We are ISO 9001-2015, ISO 27001-2013 certified for both our Quality Management System and our Information Security Management System. Our Clinical laboratories performing pathology testing are accredited by the National Accreditation Board for Laboratories (NABL: ISO15189-2012) and the College of American Pathologists (CAP).
4) Euglycemic Study capabilities: Navitas Life Sciences has purpose built euglycemic clamp capabilities with experienced investigators, specially trained nursing staff with expertise in clinical execution of euglycemic clamp studies.
We have safely and successfully conducted about 272 clamps with more than half of which were extending up to 24 hours in euglycemia duration. We have a dedicated pool of volunteers who can comply to complex clamp procedures.
State of the art euglycemic clamp facility is equipped with YSI 2900 Analyzer, a 21CFR Part11 compliant instrument that provides instant high-quality audit ready glucose clamp data (results generated within 60 seconds with the precision of 2% or below). The automated Infusion Pumps help in efficient control of euglycemic status with timed dextrose infusion.
Patient Monitors, ECG Machines, Suction apparatus, oxygen cylinders and anaphylaxis kit support dynamic safety monitoring and management of the participating subjects. The facility, by virtue of being housed inside a tertiary care hospital enables immediate advanced emergency medical care with swift access to the emergency specialists and multispecialty ICU.
5) Scalable and adaptable Bioanalysis and Analytical Platforms: Our Bioanalysis and wide range of analytical platforms Including high end LC-MS/MS like Waters Xevo-TQS and AB Sciex-6500 provide adaptability and can scale to meet your insulin biosimilar studies. Built on a foundation of technology driven platforms and with global clinical operations capabilities coupled with a very competent Bioanalytical laboratory supporting biosimilar clinical trials help our customers to overcome complex clinical study challenges and help in successfully completing.
Navitas Life Sciences has a robust library of more than 300 validated methods with required sensitivity and has expertise in handling peptides in both LC-MS/MS and LBA based assay formats.

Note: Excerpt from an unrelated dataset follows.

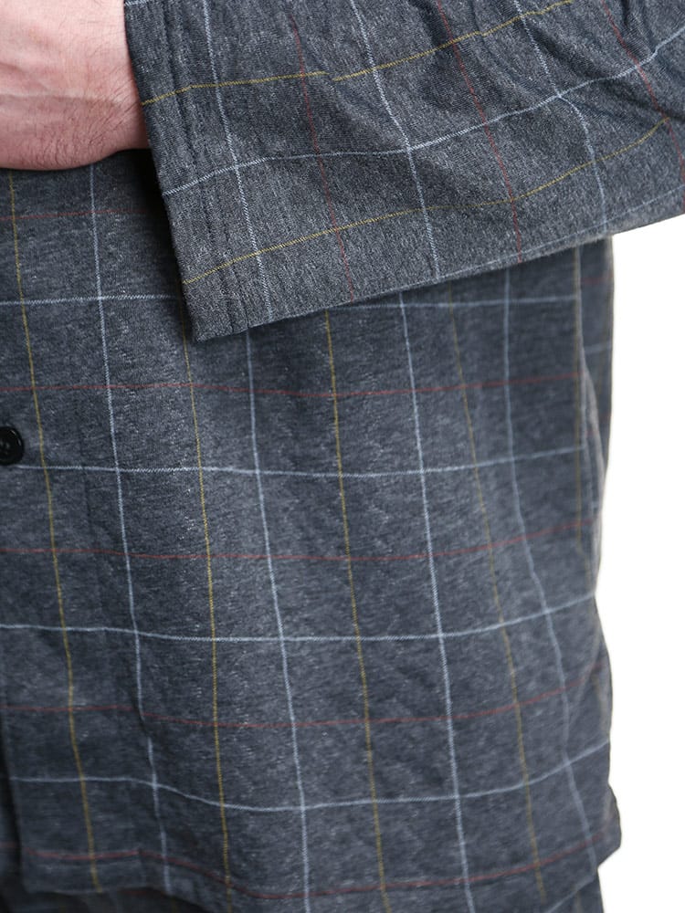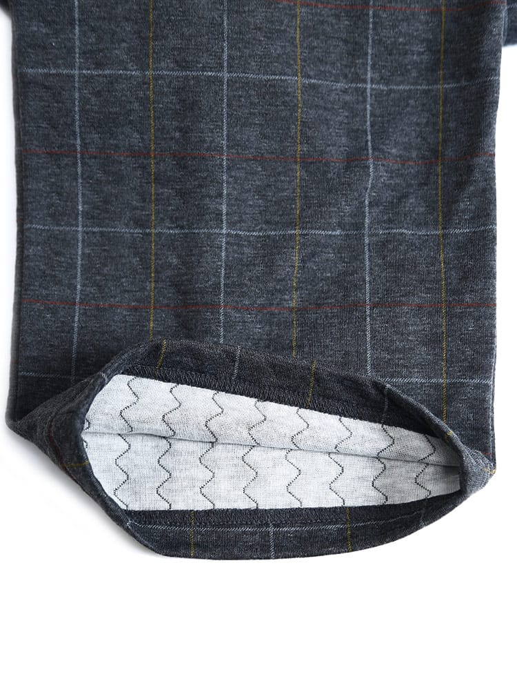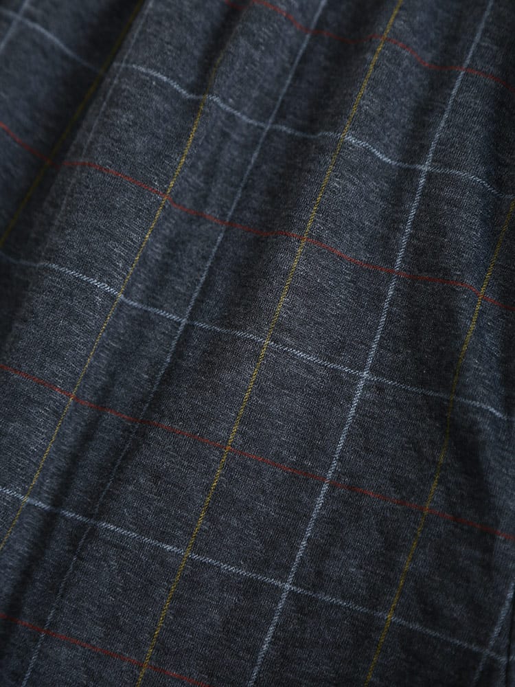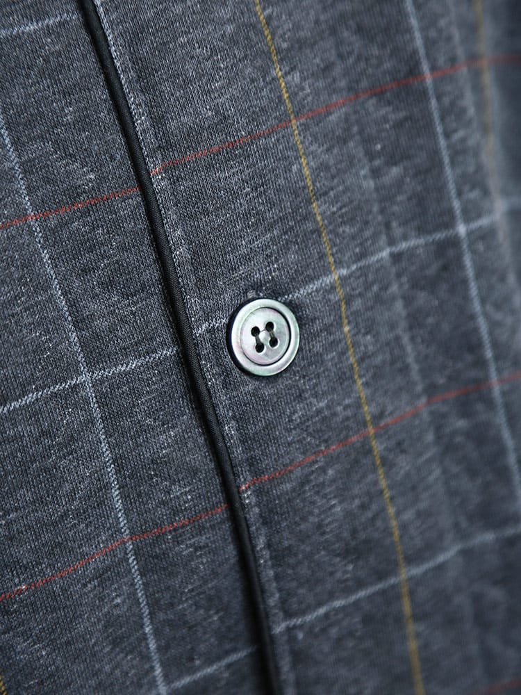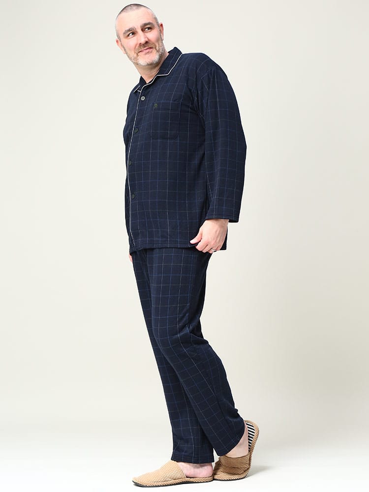 アーノルドパーマーのキルト無地パジャマです。シンプルな前開きタイプの上着とウエストゴム付きのゆとりある柔らかな質感のパジャマ。上下ともに入った格子柄が落ち着いた雰囲気。左胸ポケットにはアイコンであるアンブレラマークが刺繍されています。
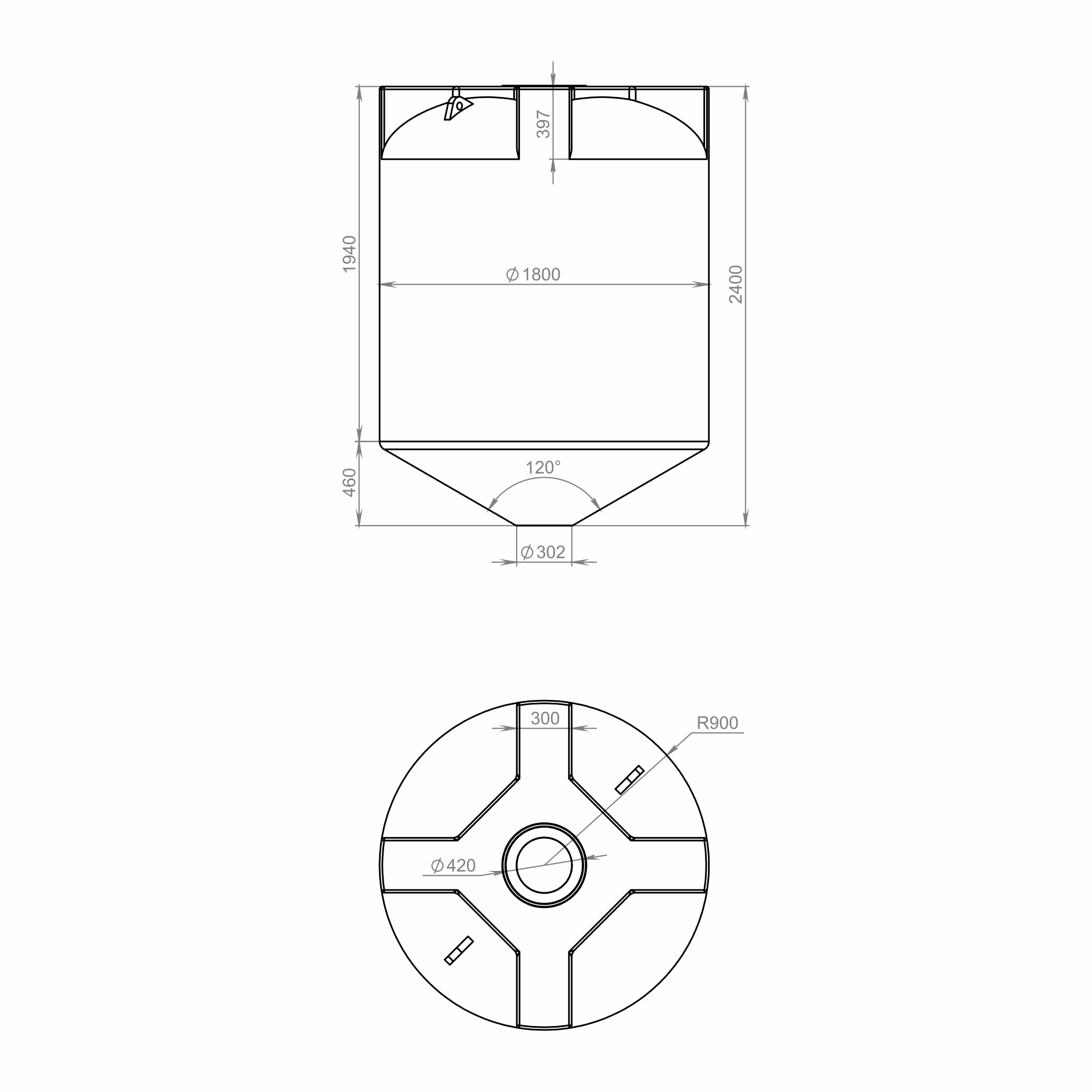 Бункер 5000 литров имеет конусное дно, что обеспечивает полный слив жидкости без остатка. Прочный пластиковый корпус бункера не имеет швов, что обеспечивает высокие прочностные свойства, а также не подвержен коррозии и воздействию солнечных лучей. Температура эксплуатации: от -40° до +50°С.

NLS is a pioneer in establishing methods for insulin and its analogs on LC-MS/MS and ECLIA platforms.
|ECLIA (LBA)||INSULIN||0.160 to 7.214||ng/mL|
|C-PEPTIDE||0.188 to 7.050||ng/mL|
|LC-MS/MS||HUMAN INSULIN||0.200 to 20.000||ng/mL|
|INSULIN GLARGINE||70.000 to 2100.000||pg/mL|
|INSULIN GLARGINE M1||70.000 to -2100.000||pg/mL|
|INSULIN GLARGINE M2||70.000 to 2100.000||pg/mL|
|INSULIN ASPART||0.100 to 10.000||ng/mL|
Proficient in running stellar clinical trials, we have been supporting clinical research on likely treatment of diabetes for more than 10 years. We have conducted multiple insulin biosimilar studies in collaboration with small, medium, and large pharmaceuticals, focusing on innovation as a catalyst to bring value to all our stakeholders.